Brunsvold Michael A
Department of Periodontics, Dental School, University of Texas Health Science Center, San Antonio, TX 78229-3900, USA.
J Periodontol. 2005 Jun;76(6):859-66. doi: 10.1902/jop.2005.76.6.859.
Pathologic tooth migration (PTM) is a common complication of moderate to severe periodontitis and is often the motivation for patients to seek periodontal therapy. In this review of the literature, available information concerning prevalence, etiology, treatment, and prevention of pathologic tooth migration is summarized. Prevalence of PTM among periodontal patients has been reported to range from 30.03% to 55.8%. A survey of the literature regarding chief complaints of periodontal patients support these high prevalence findings. The etiology of PTM appears to be multifactorial. Periodontal bone loss appears to be a major factor in the etiology of PTM. Many aspects of occlusion can contribute to abnormal migration of teeth, and more than one of those factors may be present in an individual patient. Soft tissue forces of the tongue, cheeks, and lips are known to cause tooth movement and in some situations can cause PTM. Also considered important in the etiology of PTM is pressure produced from inflammatory tissues within periodontal pockets. Because extrusion is a common form of PTM, clinical observations support the theory that eruption forces sometimes play a role in the etiology of PTM. Many oral habits have been associated with PTM which are often difficult for the therapist to detect. Most cases of severe PTM require a team approach to achieve success. Periodontal, orthodontic, and prosthodontic treatment are often required. Many patient variables enter into the selection of treatment for PTM. In early stages of PTM, spontaneous correction of migrated teeth sometimes occurs after periodontal therapy. Light intrusive forces are used successfully to treat extrusion and flaring forms of PTM. Based on the literature reviewed, it appears that many cases of PTM could be prevented through the early diagnosis and treatment of periodontal disease, occlusal contributing factors, gingival enlargement, and oral habits.
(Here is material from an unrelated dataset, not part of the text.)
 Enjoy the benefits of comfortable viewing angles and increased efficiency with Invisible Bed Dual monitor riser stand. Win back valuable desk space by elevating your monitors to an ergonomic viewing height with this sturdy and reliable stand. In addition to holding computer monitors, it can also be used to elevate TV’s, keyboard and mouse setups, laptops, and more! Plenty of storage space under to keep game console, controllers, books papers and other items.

病理性牙齿移位(PTM)是中重度牙周炎的常见并发症,常是患者寻求牙周治疗的动因。在本文献综述中,总结了有关病理性牙齿移位的患病率、病因、治疗和预防的现有信息。据报道,牙周病患者中PTM的患病率在30.03%至55.8%之间。一项关于牙周病患者主要诉求的文献调查支持了这些高患病率的研究结果。PTM的病因似乎是多因素的。牙周骨丧失似乎是PTM病因中的一个主要因素。咬合的许多方面都可能导致牙齿异常移位,而且这些因素中的不止一个可能存在于个体患者中。已知舌头、脸颊和嘴唇的软组织力量会导致牙齿移动,在某些情况下会导致PTM。在PTM的病因中,牙周袋内炎症组织产生的压力也被认为很重要。由于牙齿伸长是PTM的一种常见形式,临床观察支持这样一种理论,即萌出力量有时在PTM的病因中起作用。许多口腔习惯都与PTM有关,而治疗师往往很难察觉。大多数严重PTM病例需要团队协作才能取得成功。通常需要牙周治疗、正畸治疗和修复治疗。PTM治疗方案的选择涉及许多患者变量。在PTM的早期阶段,牙周治疗后移位牙齿有时会自发矫正。轻度的压低力量已成功用于治疗牙齿伸长和唇倾型的PTM。基于所综述的文献,似乎许多PTM病例可以通过早期诊断和治疗牙周病、咬合相关因素、牙龈增生和口腔习惯来预防。